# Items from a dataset
*** Begin section ***

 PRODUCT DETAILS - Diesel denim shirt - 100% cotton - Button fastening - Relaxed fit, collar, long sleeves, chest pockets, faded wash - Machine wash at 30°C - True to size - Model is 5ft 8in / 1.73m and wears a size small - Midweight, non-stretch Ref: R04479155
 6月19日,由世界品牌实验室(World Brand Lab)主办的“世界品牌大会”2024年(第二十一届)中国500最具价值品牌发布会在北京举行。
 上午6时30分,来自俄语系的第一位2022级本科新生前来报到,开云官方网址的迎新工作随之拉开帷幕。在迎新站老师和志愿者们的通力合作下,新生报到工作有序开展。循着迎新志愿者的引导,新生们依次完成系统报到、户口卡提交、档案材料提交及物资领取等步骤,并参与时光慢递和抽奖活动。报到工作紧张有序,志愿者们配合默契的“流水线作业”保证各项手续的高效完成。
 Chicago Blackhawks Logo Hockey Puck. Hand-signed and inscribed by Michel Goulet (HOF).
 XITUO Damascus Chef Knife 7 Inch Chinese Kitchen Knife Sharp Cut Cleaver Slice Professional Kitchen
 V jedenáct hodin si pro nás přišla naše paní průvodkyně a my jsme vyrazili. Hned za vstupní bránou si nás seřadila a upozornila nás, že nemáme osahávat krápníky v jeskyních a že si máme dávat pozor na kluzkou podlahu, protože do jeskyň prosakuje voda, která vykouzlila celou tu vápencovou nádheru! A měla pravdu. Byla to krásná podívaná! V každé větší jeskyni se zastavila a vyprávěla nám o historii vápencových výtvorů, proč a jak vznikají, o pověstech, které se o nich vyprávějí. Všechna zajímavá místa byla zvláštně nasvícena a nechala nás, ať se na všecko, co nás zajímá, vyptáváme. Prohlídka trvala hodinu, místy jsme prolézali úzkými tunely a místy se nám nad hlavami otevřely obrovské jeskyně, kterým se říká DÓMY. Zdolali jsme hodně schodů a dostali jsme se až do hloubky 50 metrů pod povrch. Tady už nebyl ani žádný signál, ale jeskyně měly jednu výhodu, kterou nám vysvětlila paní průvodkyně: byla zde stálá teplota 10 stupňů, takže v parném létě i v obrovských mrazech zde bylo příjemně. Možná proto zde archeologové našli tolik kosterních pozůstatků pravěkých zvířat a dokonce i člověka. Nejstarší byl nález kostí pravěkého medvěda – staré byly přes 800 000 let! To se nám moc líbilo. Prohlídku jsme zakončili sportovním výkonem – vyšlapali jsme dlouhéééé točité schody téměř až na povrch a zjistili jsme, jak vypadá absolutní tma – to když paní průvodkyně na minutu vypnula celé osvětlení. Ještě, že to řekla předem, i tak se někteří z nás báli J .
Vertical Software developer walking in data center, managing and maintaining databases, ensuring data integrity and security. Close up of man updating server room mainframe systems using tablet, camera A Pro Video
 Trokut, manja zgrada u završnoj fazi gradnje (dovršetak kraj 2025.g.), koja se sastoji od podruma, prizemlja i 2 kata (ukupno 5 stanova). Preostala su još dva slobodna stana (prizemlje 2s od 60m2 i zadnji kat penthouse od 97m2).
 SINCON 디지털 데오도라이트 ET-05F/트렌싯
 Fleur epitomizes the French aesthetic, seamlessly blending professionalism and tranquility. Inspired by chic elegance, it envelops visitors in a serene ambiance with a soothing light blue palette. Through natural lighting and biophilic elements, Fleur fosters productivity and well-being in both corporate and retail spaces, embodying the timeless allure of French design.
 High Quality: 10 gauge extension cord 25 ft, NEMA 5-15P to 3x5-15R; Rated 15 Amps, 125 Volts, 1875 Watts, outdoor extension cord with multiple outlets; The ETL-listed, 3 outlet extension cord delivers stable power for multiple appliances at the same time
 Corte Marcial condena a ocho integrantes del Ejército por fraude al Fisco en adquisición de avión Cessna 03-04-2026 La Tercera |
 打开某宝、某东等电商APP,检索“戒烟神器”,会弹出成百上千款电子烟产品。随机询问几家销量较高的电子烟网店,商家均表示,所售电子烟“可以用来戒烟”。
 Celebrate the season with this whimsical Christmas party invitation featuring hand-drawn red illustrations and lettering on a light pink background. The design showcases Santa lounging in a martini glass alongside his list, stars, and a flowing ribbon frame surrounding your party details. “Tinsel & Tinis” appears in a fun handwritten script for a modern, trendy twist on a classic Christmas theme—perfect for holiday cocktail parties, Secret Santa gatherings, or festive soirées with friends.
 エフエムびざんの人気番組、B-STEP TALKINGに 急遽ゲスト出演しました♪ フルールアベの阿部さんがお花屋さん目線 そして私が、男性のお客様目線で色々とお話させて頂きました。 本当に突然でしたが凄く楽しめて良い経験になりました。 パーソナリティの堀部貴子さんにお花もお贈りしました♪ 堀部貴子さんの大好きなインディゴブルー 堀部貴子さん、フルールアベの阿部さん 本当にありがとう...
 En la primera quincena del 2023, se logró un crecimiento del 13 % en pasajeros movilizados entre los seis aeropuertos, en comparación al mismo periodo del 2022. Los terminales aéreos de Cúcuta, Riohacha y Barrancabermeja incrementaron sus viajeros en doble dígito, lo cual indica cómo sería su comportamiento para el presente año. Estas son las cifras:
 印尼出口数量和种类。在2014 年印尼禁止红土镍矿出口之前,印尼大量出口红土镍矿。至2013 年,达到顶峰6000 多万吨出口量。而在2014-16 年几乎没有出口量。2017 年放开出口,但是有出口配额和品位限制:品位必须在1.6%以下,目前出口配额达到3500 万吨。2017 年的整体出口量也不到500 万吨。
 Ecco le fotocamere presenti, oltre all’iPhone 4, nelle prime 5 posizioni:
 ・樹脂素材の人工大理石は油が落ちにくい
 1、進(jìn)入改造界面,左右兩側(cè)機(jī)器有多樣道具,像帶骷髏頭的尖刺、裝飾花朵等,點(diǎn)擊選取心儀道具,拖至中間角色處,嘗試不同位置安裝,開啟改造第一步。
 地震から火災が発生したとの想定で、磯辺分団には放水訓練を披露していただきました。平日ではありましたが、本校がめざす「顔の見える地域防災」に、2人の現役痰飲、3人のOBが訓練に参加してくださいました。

*** End section ***

# Work item
Count up the lines above that include the string "light" and report nothing but that number.

# Finished task
2